It was late at night and I had had a long day. I had just gotten a phone call from my older brother at around 9:30pm that shook me up quite a bit. My older brother stated that my father was now back but in an emergency hospital room in Seattle, Washington. He had come back to pick up some things from his old office that he had stored in a storage shed for the past six and a half years.

Allow me to provide some context for this story. The last time I saw my father was six and a half years ago in that exact office. On Father’s Day, 2012, (one month before the phone call from my brother) the Lord placed it heavy on my heart to pray and intercede for my dad, which I did. As tears streamed from my eyes, little did I know the Lord would bring my dad back from Eastern Washington to Seattle one day in the near future. So on that day in July 18th, 2012, while I was shocked to get a phone call from my older brother, I was at peace as I spoke to my father on the phone for the first time in six and a half years. As I choked back tears, I said, “Do you know who this is?” and he said, “Yes, I do, it’s my son, David.”

I’ve often shared this story with people online and offline. Usually I get the response, “I’m so sorry to hear that and I will pray for you”. My family and I greatly appreciate that response. Often, people want to share with me how they have had a family member or friend who’s going through a mental illness. I also appreciate these responses since they encourage and help me.

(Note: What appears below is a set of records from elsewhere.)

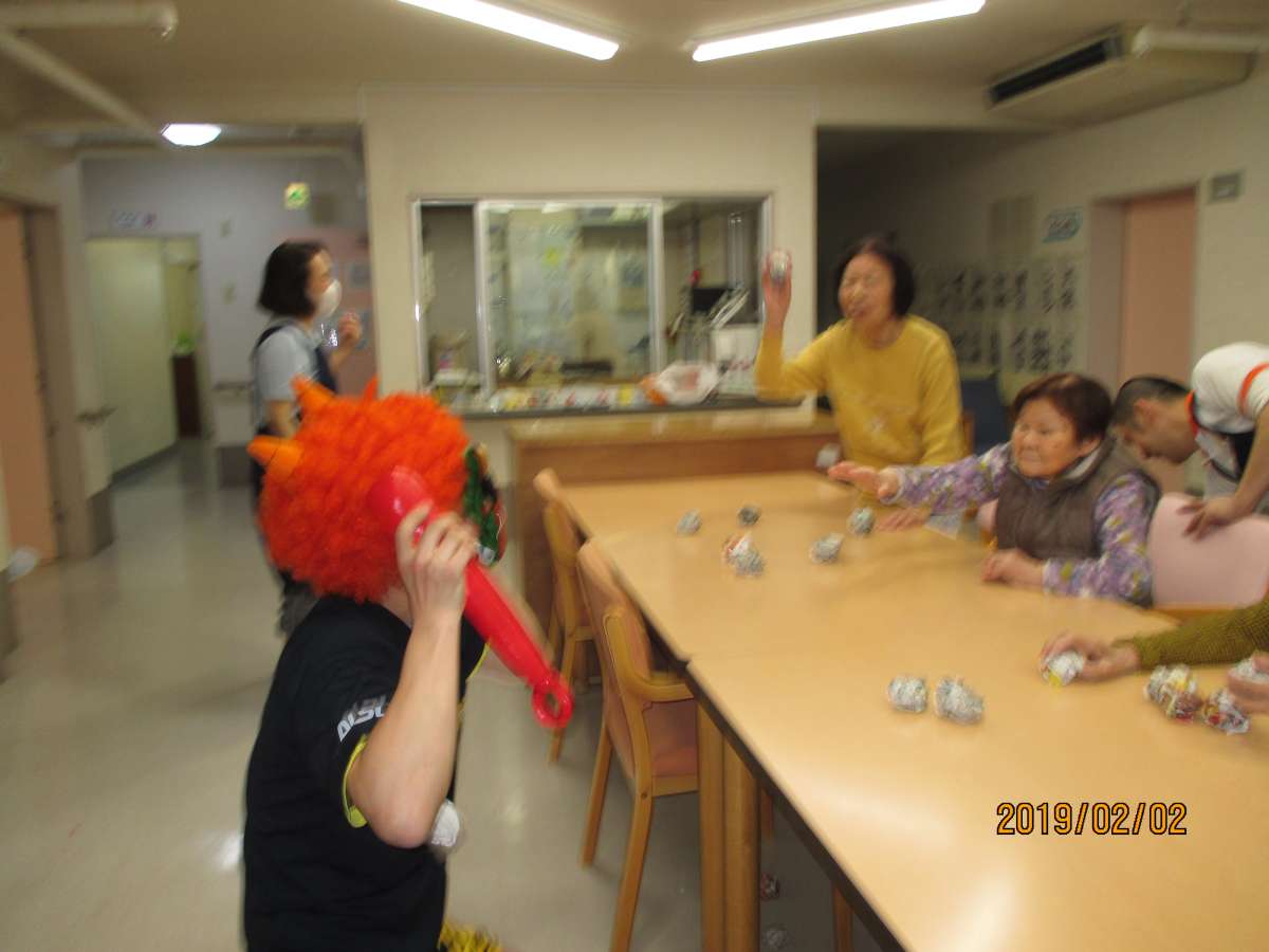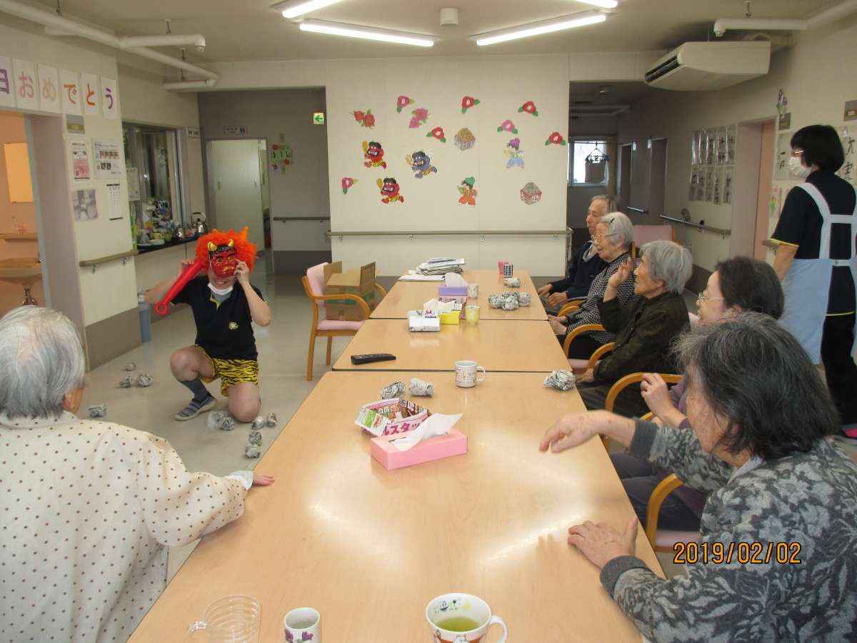 男性職員が鬼になり各階で節分会です
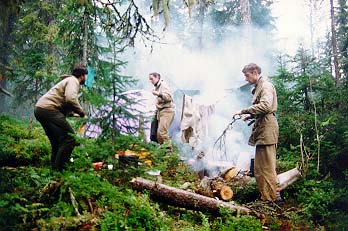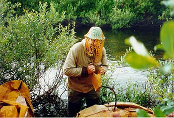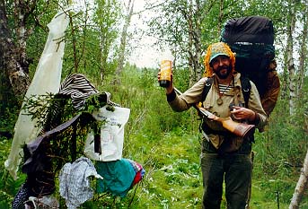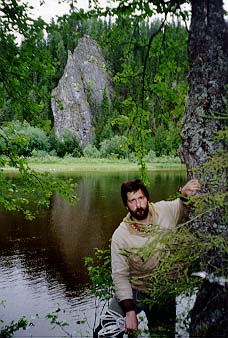 С утра пораньше, завидев дым разведенного Васей2 костра, заявился инспектор нац. парка Гаврилов с ржавым ружьем и напарником Димой. Как выяснилось- это главный человек на этой реке. Он проверил документы и выпил чаю, насыпав в кружку примерно полпачки заварки. Затем он проч¤л лекцию по кинологии, поведав об особенностях разведения западносибирских лаек. Поговорили о ловле рыбы. Гаврилов сокрушался, что трудно достать хорошие бл¤сны. Пришлось подарить парочку. Заодно Кира презентовал ему два патрона. Напоследок инспектор Гаврилов одарил нас тремя малосольными хариусами и флакончиком репеллента, а Дима снял нас видеокамерой. Инспектор Гаврилов стал еще одним символом похода. Не проходило и дня, чтобы его имя не поминалось.
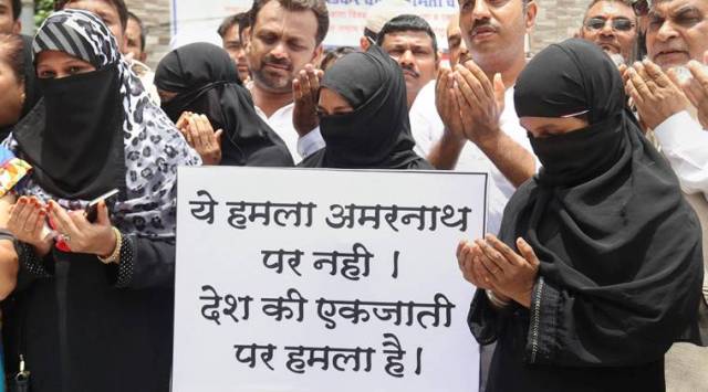 Several prominent city organisations and activists gathered at Azad Maidan Wednesday to condemn the attack on Amarnath pilgrims. Feroze Mithiborwala, one of the organisers, said, “The protest is being held to condemn the Amarnath terror attack on Hindu pilgrims. The protests have been spontaneous across the country, with the largest being held in Srinagar, despite the crackdown there.”

In this article, I want to share how I deal with caring for a parent with dementia. I’d like to make it clear upfront that I’m not an expert in dementia care. I’m a theologian, not a psychologist. It is my prayer that as I share thoughts based on my experience, that God might use my situation to help you through your own time of need.

Over the past two years I’ve learned the best way to deal with a parent with dementia is to have the right perspective. That perspective comes from the Apostle Paul’s words in Philippians 4:8: “think on what is noble and pure”. I’ll be honest with you here, thinking on what is noble and pure is hard when you start thinking about the devastating effects of a debilitating disease like dementia. Thinking about what dementia will do to my dad causes me to tear up. Perhaps your family member has cancer or another devastating disease. Thankfully, there is coming a day when—the Bible declares—Jesus will wipe away every tear from every eye. While that day is not yet here, I want to encourage you now to feel however you need to feel.

This leads me to my second point: the Bible teaches that Jesus is fully God and fully man. Why does this matter with respect to having a parent with dementia? Well, as a man, Jesus experienced the full range of emotions and yet never sinned. He was tempted in every way but did not sin. I don’t know about you, but this is what causes me to worship Jesus all the more. When I struggle with my dad’s dementia, I reflect on who Jesus is and what He is like, which causes my perspective to change. Rather than being down and glum, my mood changes to one of thankfulness that my dad is still alive and I can speak to him.

With all that said, I would like to share a few things that will hopefully help you to deal with and care for a parent with dementia. First, have a regular time in the Word of God, in prayer, and private worship. Second, find a solid Bible-believing Church and get yourself in a small group. My small group regularly prayers for my dad and asks me how I’m doing. They know me well enough to know when I’m not doing well. This is important—letting people close to you can be scary, but as Christians we are called to love one another.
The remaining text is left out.